We’d Like to Introduce Board Member Bruce Goodman
Meet JFS supporter Bruce Goodman. In addition to generously contributing to the critical services JFS provides, Bruce is a member of the development and finance committees and joined our board of directors in June. Bruce recently donated in honor of his parents Stanley and Lois (Levitt) Goodman. We sat down with him to talk about what inspired his gift.
JFS: What inspired honoring your parents with this donation?
Bruce: My dad would have turned 100 on June 10, which reminded me of JFS celebrating 110 years of service.
My parents believed in the goodness and dignity of people from all walks of life, and so do I. My parents unconditionally loved us, were kind and generous, and instilled the importance of family in us. My parents had a spirit of caring and giving to the greater community, especially for families and seniors. Establishing endowments in various Jewish family service organizations was a cornerstone of our family legacy that we could continue to contribute to.

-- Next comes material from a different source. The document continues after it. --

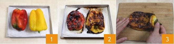Pour préparer les filets de poivrons rôtis avec anchois aux saveurs, commencez par faire chauffer le four à la température maximale. Ensuite, lavez soigneusement les poivrons sous l'eau courante et séchez-les avec un torchon ou du papier essuie-tout. Placez-les sur une plaque recouverte de papier cuisson 1 et faites-les cuire au four statique à 180° pendant 30-40 minutes. Le temps de cuisson dépend du type de poivron, de la taille et de l'épaisseur de la chair. Lorsque la surface sera ridée et grillée 2, vous pouvez les sortir du four. Ensuite, transférez-les sur une planche à découper et retirez le pédoncule 3.

They would have appreciated my contribution supporting the sliding fee scale for mental health and senior services. I am grateful for the values of love and generosity they taught us. They had an endowment in a Jewish family service organization. There are many people who don’t qualify for insurance, and many people have had unexpected hardships given the pandemic and economic downturn.
JFS: What do you fondly remember about your parents as they aged?

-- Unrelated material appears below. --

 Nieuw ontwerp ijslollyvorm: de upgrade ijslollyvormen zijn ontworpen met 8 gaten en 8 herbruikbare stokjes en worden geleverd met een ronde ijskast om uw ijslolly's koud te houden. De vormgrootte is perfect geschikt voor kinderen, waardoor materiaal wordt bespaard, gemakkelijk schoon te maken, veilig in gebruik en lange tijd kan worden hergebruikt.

Bruce: At age 96, my mother, with the help of my sister, made 300 blankets for children in hospitals and for homeless shelters. And she continued to play bridge and mahjong. While we were with my father in his wheelchair on the Minneapolis skyway system or in a doctor’s office, he offered his advice, “keep smiling”, and everyone did. And as a proud son, I will go back in time and give my dad a high-five for being the first Bar Mitzvah in 1934 at Mount Zion Temple in St. Paul after a 50-year lapse.
JFS: Why did you get involved with JFS?
Bruce: I wanted to reconnect with my roots in St. Paul where I grew up in a family that had established Jewish roots in the area. We were congregants at Mount Zion Temple. My father was a successful businessman in a family run business (president of Goodman Jewelers). My siblings Richard Goodman, Susan (Goodman) Rappaport and I became active parental advocates as my parents’ health declined, as did many other friends in our age group. In addition, I served on an advisory board of social work and an advisory board for the College of Arts and Sciences at the University of St. Thomas that gave me an appreciation for mental health and social work case management. And a friend of mine, the mother of the JFS CEO, recommended I talk to her daughter, Ruth Hampton Olkon. And the rest, as they say, is history.
JFS: Why are you so passionate about JFS?
Bruce: I totally believe in JFS’ mission of giving people in all communities the skills and support they need to meet life’s challenges and unexpected changes with dignity. I see the impact of programs for clients. I wish I had known about the caregiver and senior service programs for my family. I can build a bridge of hope and community for future generations. And the board members and staff are fun to be around!
JFS: What would be your wish for the future of JFS?
Bruce: I believe that endowments are a great family legacy, although volunteer time and any level of financial gift is an inspiration. I believe community empathy is needed more than ever, and JFS connects with clients and improves communities through collaborative strategies. You can go home again, and it’s great to be part of the JFS family!